TL;DR
This paper introduces Attention Interaction Alignment (AIA) loss to improve unified multimodal models by aligning task-specific cross-modal interactions, avoiding excessive architecture decoupling.
Contribution
The paper proposes a novel AIA loss that mitigates task conflicts in multimodal models without decoupling, enhancing both understanding and generation capabilities.
Findings
AIA refines cross-modal attention patterns effectively.
Applying AIA boosts performance in both generation and understanding tasks.

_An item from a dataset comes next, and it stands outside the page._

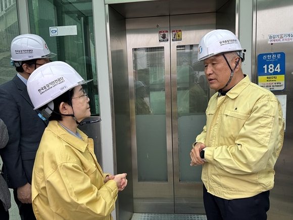 고성균 이사장은 이날 노후 승강기 정밀안전검사 현장을 직접 방문해 정밀안전검사 과정을 확인하고, 현장 근로자의 안전모·안전화 등 필수 보호구 착용 상태 및 장비 노후도를 점검하며 현장의 애로사항을 직접 청취했다.

Decoupling drives models toward task-specific interaction patterns, which AIA aims to align.
Abstract
Unified multimodal models for image generation and understanding represent a significant step toward AGI and have attracted widespread attention from researchers. The main challenge of this task lies in the difficulty in establishing an optimal training paradigm due to inherent conflicting targets in understanding and generation tasks. To alleviate these conflicts and pursue higher performance, many researchers adopt varying degrees of architecture decoupling (e.g., Double image encoders, MOE/MOT architecture, or frozen MLLM). However, excessive model decoupling can lead to the loss of interleave generation ability, undermining the original intent of unified models. In this work, we aim to explore how to mitigate task conflicts without resorting to model decoupling. Firstly, we analyze why decoupling boosts performance by studying the cross-modal attention behavior of models. We observe…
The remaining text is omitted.